**WHAT YOU WILL DO**
An exact copy of the lines from the start of the material below through the line containing "图3 唐高宗与武则天乾陵中一" is the required answer, and it includes no pictures.

**EXTRACTED INFORMATION**
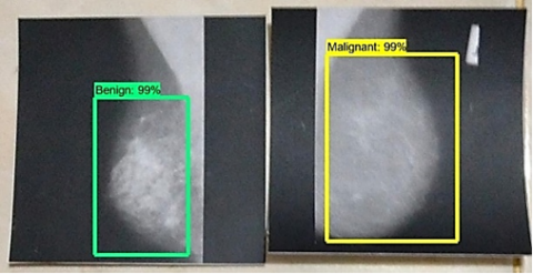 This stage describes system testing results from CNN and Faster R-CNN models for detecting image data classification. The process of testing the proposed approach system in this study through a smartphone camera in real-time. System testing at this stage uses the results of training data scenario1. The following are the results of the detection and system classification of breast cancer images, as shown in Figure 7.
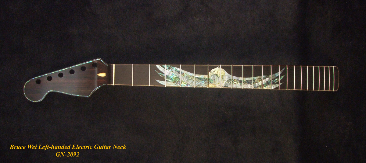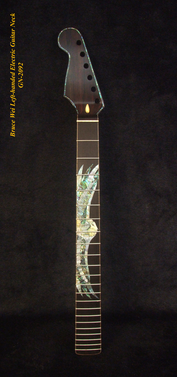 Left-Handed Electric Guitar Replacement Strat Neck, Handcrafted Solid Macassar Ebony, Eagle inlay, Bruce Wei GN-2092
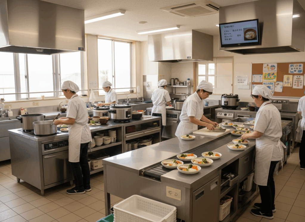 園内調理のあたたかい給食、みんなの笑顔の時間。
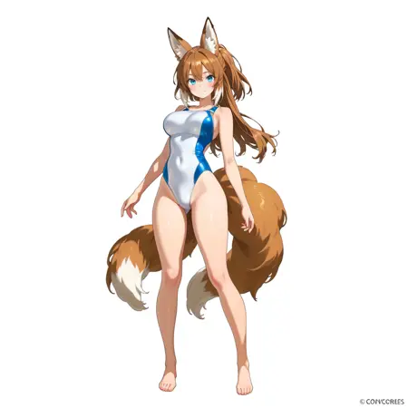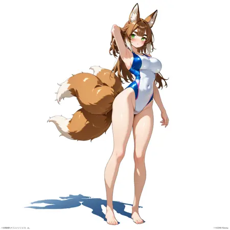 Civitai 茶白髪の巨乳狐娘マリモ / Marimo, brown and white hair large breasts fox girl.
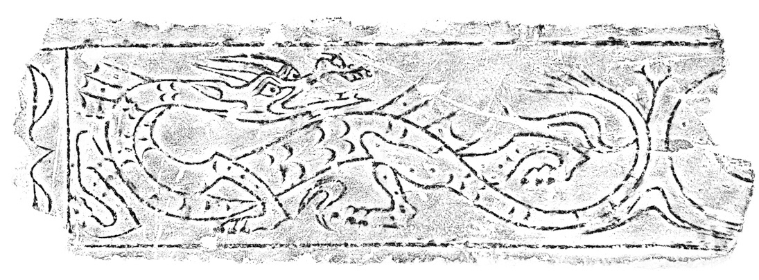 图3 唐高宗与武则天乾陵中一块石板上所刻的龙纹,7世纪-8世纪,采自《考古与文物》1983年第1期,第29页,图1。
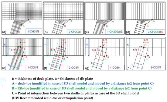 Figure 6a–h. These were named considering mesh size and element type, e.g., 1-CH20 mesh variation stands for 1.0 mm 20 node cubic parabolic hexahedral solid element. Similarly, 8-CQ4 is the abbreviation of an 8.0 mm 4 node cubic linear quadrangle shell element. A minimum of three layers of elements were used over the thickness of the plate for linear (1/2-CH8) and parabolic hexahedral (1/2-CH20) elements. This ensured the uniformity of stress distribution through the thickness of the plate and reduced the stress singularity effects, especially near the sharp notches. It is important to mention that coarser mesh types (e.g., 4/8-CQ4/8) are only applicable to LSE 515 and ASME TTSL methods, because other SHSS methods have mesh size limitations. The weld connections are only modelled in 3D solid models, whereas 3D shell models welds were not modelled as per IIW recommendations given in Ref [
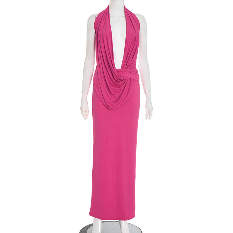 Clothing Autumn Slim Fit Halter Backless Sleeveless Pleated Lace up Elegant Length Dress
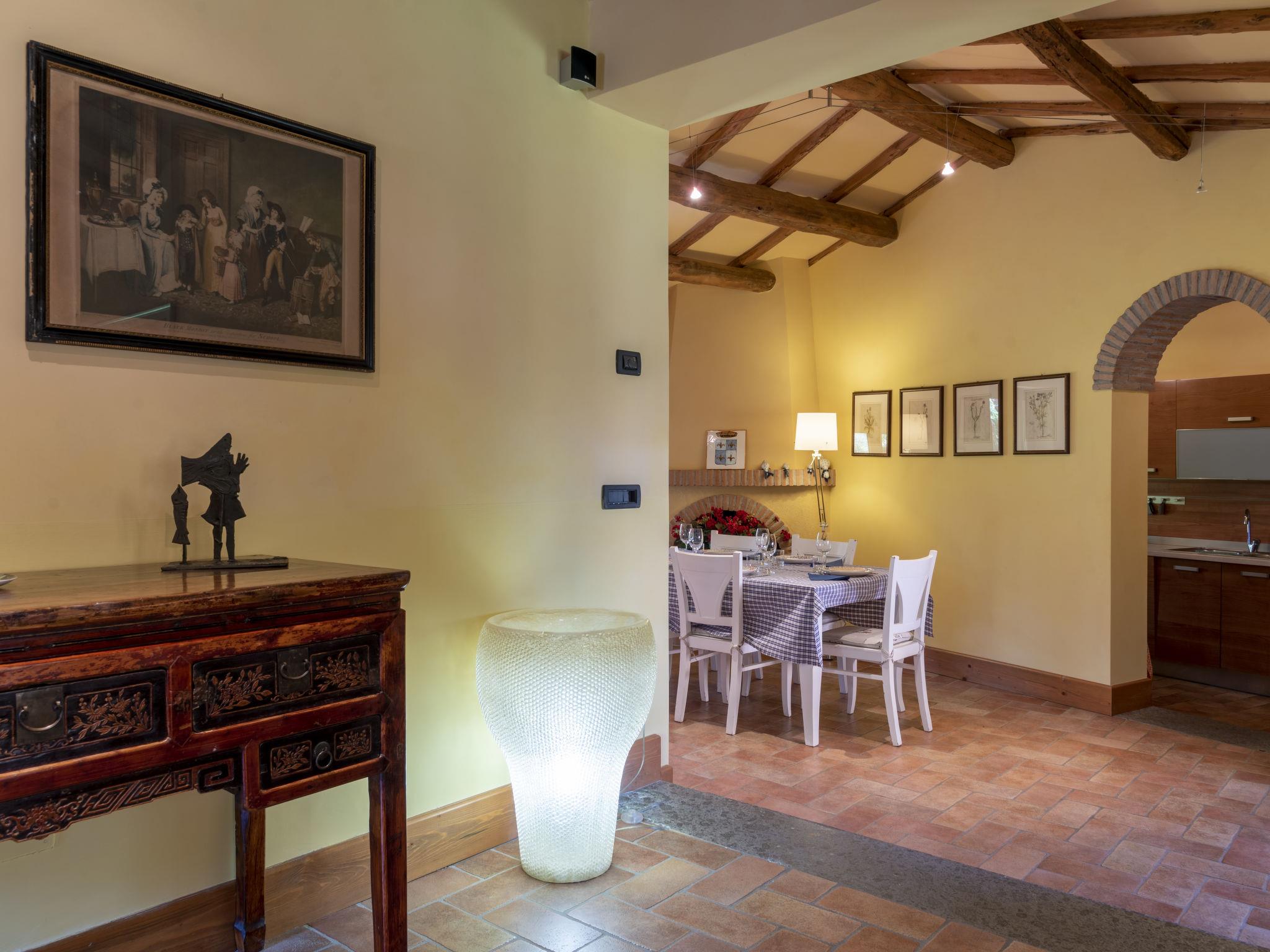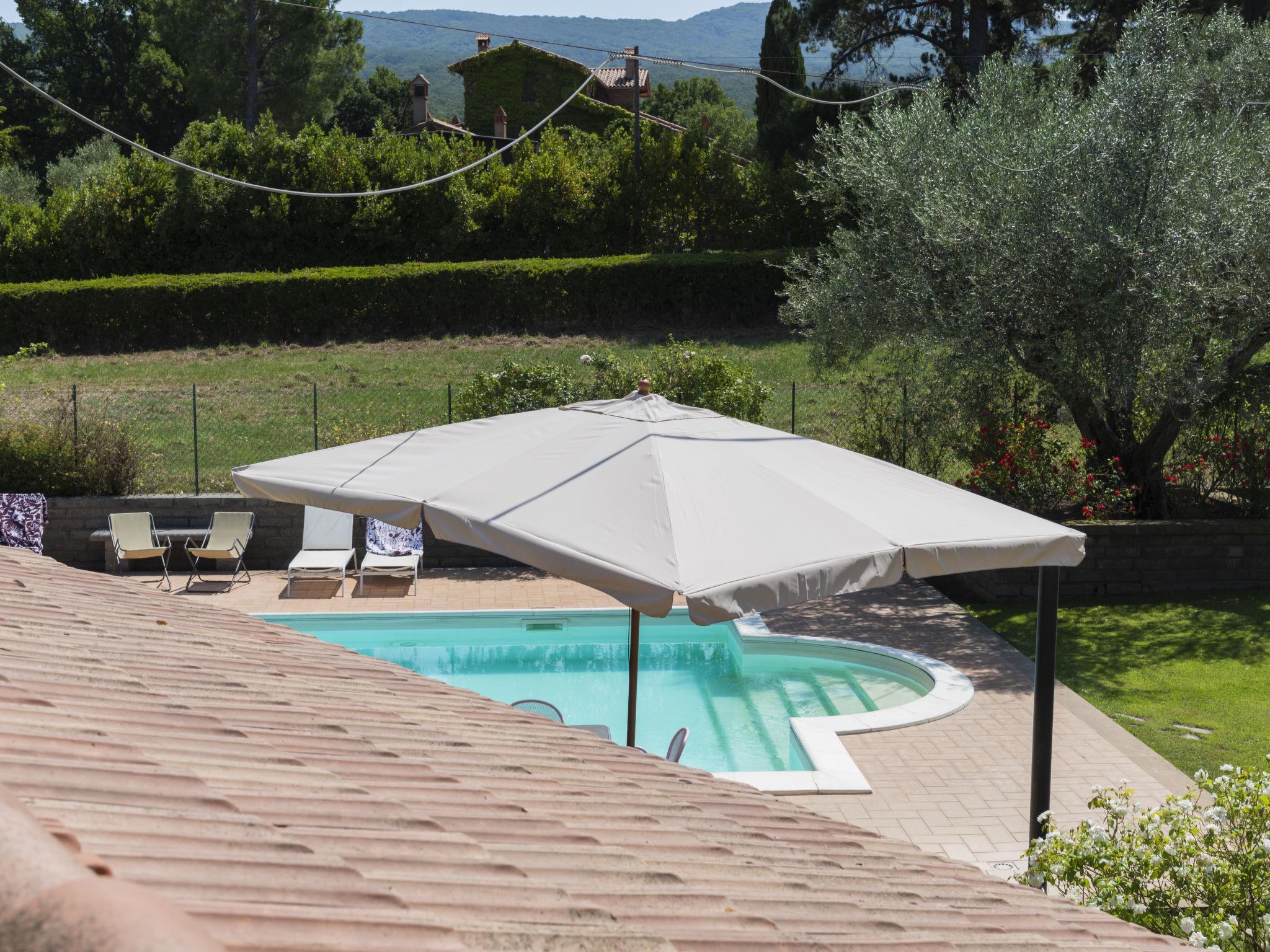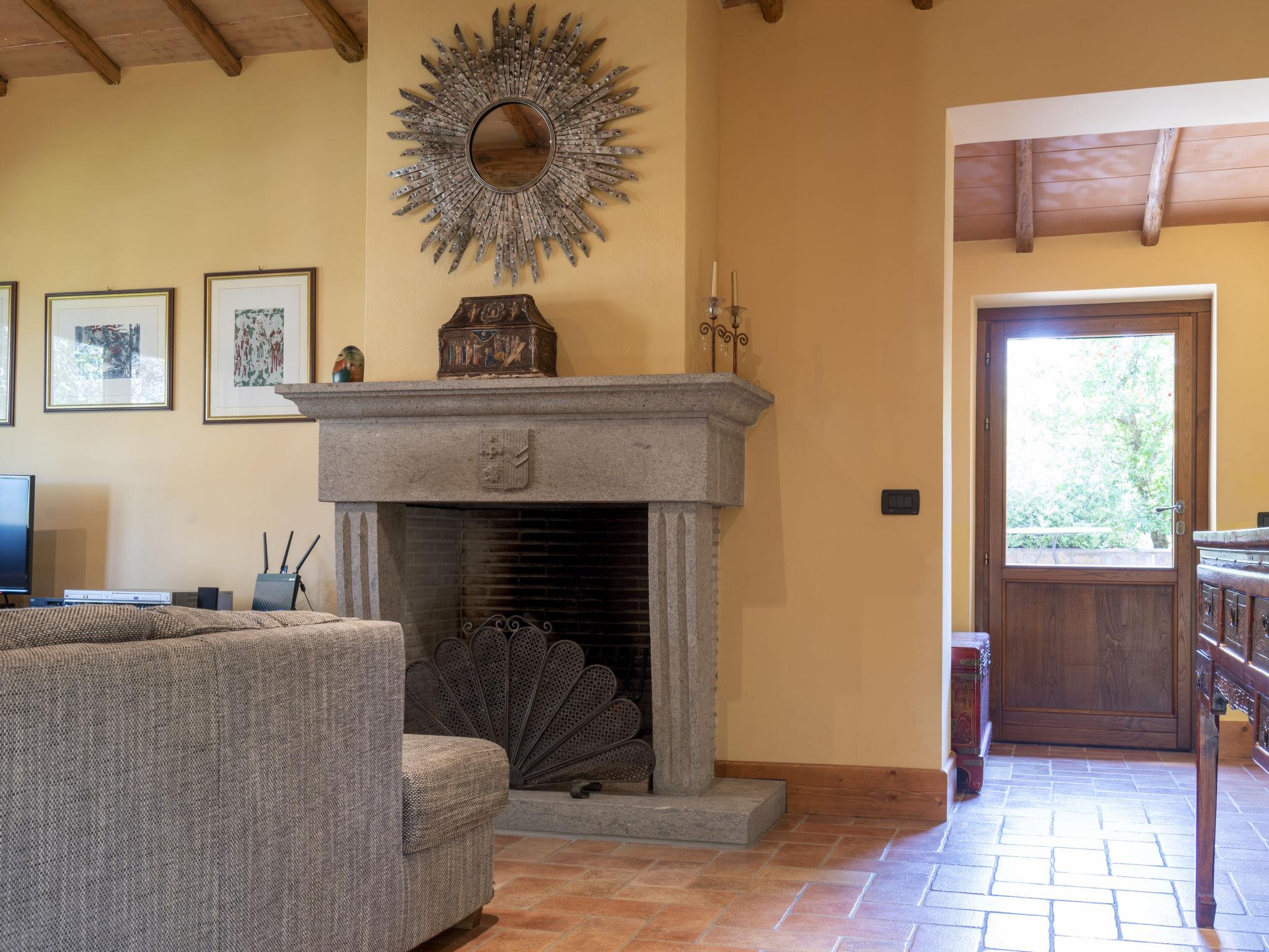 Beautiful, comfortable villa "Casal di Yuri", detached, surrounded by trees. In the district of Tre Croci 5 km from the centre of Vetralla, 16 km from the centre of Viterbo, 70 km from the centre of Roma, 13 km from the lake. Private: well-kept garden 1'500 m2 (fenced) with lawn and wildlife garden, swimming pool (12 x 6 m, seasonal availability: 23.May. - 03.Oct.). Outdoor shower, garden furniture, barbecue, parking at the house on the premises. Shop 100 m, supermarket 4 km, bus stop 1.2 km, railway station "Vetralla" 4 km, sandy beach "Lido di Tarquinia" 40 km, lake Vico 13 km. Golf course (18 hole) 26 km. Nearby attractions: Sutri 20 km, San Martino In Cimino 6 km. Well-known lakes can easily be reached: Bolsena 38 km, Bracciano 31 km. Please note: car recommended. Groups of teenagers on request only. The owner does not accept any youth groups. The owner lives on the same property.

**SOLUTION**
 This stage describes system testing results from CNN and Faster R-CNN models for detecting image data classification. The process of testing the proposed approach system in this study through a smartphone camera in real-time. System testing at this stage uses the results of training data scenario1. The following are the results of the detection and system classification of breast cancer images, as shown in Figure 7.
 Left-Handed Electric Guitar Replacement Strat Neck, Handcrafted Solid Macassar Ebony, Eagle inlay, Bruce Wei GN-2092
 園内調理のあたたかい給食、みんなの笑顔の時間。
 Civitai 茶白髪の巨乳狐娘マリモ / Marimo, brown and white hair large breasts fox girl.
 图3 唐高宗与武则天乾陵中一块石板上所刻的龙纹,7世纪-8世纪,采自《考古与文物》1983年第1期,第29页,图1。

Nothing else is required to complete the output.